California Punitives by Horvitz & Levy
  • Press release by Consumer Attorneys of California defends jury’s $185 million verdict—by saying it is obviously excessive

    A week ago we reported on a jury award of $185 million in punitive damages in a single-plaintiff employment case against AutoZone.  Not surprisingly, that colossal award got a lot of media attention.  Some even called it a “preposterous” verdict by a runaway jury.

    In response to this criticism, the Consumer Attorneys of California issued a remarkable press release.  The press release says that criticism of the verdict is unwarranted, which isn’t a surprising position for CAC to take.  But CAC’s reasoning is quite surprising.  According to CAC, it makes no sense to talk about runaway juries or preposterous damage awards until the post-verdict proceedings are resolved, because “such big punitive damages awards are inevitably scaled back to a fraction of what was ordered by the jury.”  The press release goes on to say that “nobody at AutoZone is expecting to write a check for $185 million” because U.S. Supreme Court precedent limits punitive damages to no more than nine times the amount of compensatory damages.

    CAC has a point.  Many of the big punitive damages awards that generate media attention are later reduced during post-trial proceedings or on appeal.  And those rulings rarely get the same kind of press as the original verdict. 

    Nevertheless, CAC’s position is a startling one.  CAC’s members fight vigorously to obtain awards like this. And they fight to hold on to them during post-verdict review.

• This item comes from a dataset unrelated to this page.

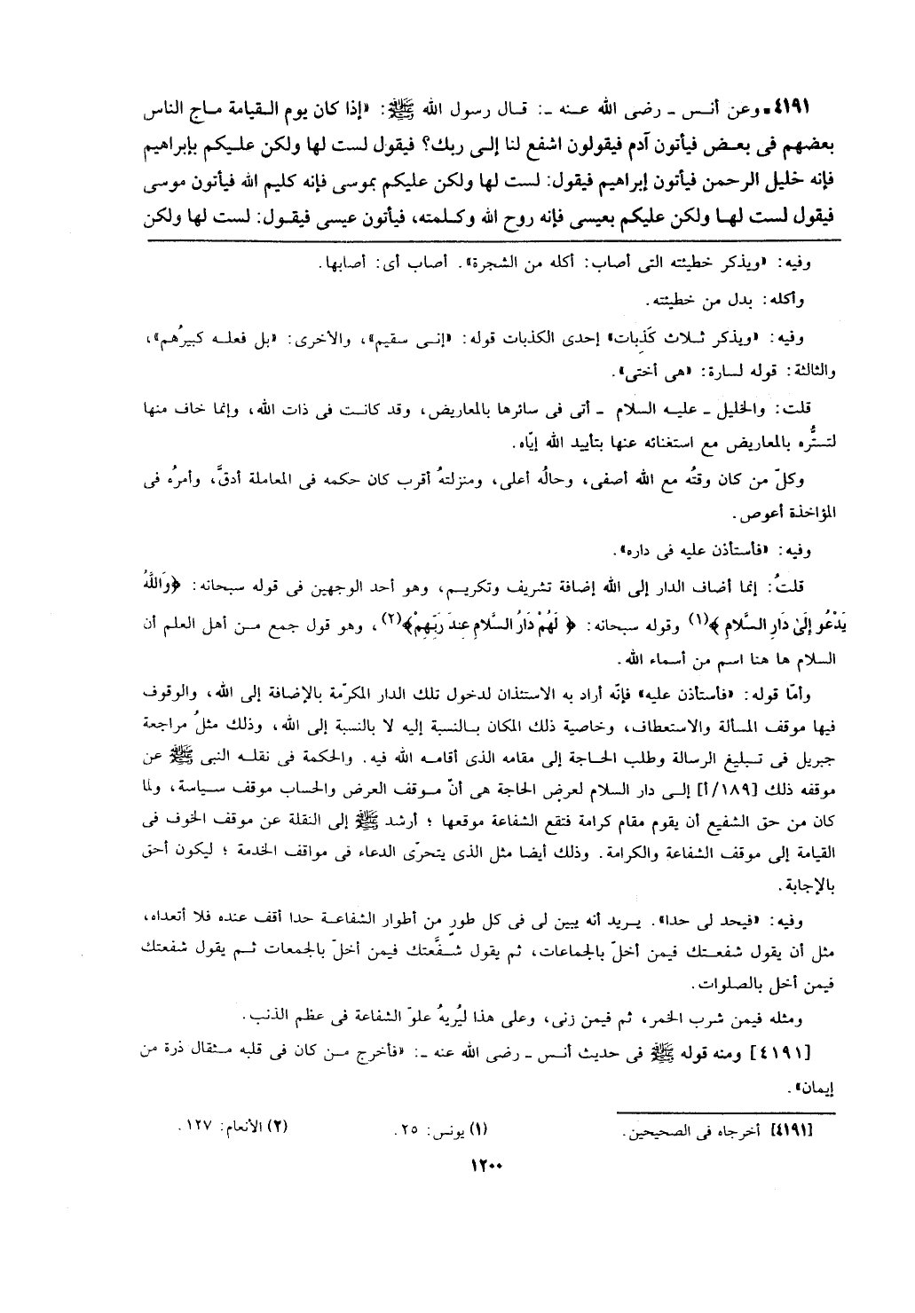 ] 4191 [ومنه قوله - صلى الله عليه وسلم - في حديث أنس -رضي الله عنه-: (فأخرج من كان في قلبه مثقال ذرة من إيمان).

    Consider, for example, Bullock v. Philip Morris, in which a California jury awarded $28 billion in punitive damages to a single plaintiff.  The plaintiff’s lawyer fought hard to hold on to that award.  When the trial court reduced it to $28 million, plaintiff’s counsel filed a cross-appeal asking the Court of Appeal court to reinstate the full amount of the jury’s award.  (See 2005 WL 4656293.)  That lawyer—Michael J. Piuze—is a past recipient of CAC’s “Trial Lawyer of the Year Award.” One of the attorneys at his firm is currently on CAC’s board. 

    It isn’t just CAC’s individual members who defend punitive damages awards in the nine-figure range and above.  CAC itself files amicus curiae briefs to defend such awards.  For example, in Romo v. Ford Motor Co., CAC filed an amicus brief to defend a $290 million punitive damages award. (See 2003 WL 22455474.)

    Given this history, the CAC press release on the Auto Zone case comes as a great surprise, because it  seemingly acknowledges that an award much smaller than the Bullock and Romo awards is obviously excessive and will inevitably be reduced or vacated.  Having taken that position, it would now be difficult for CAC to file another amicus brief like the one it filed in Romo if the AutoZone case ends up on appeal.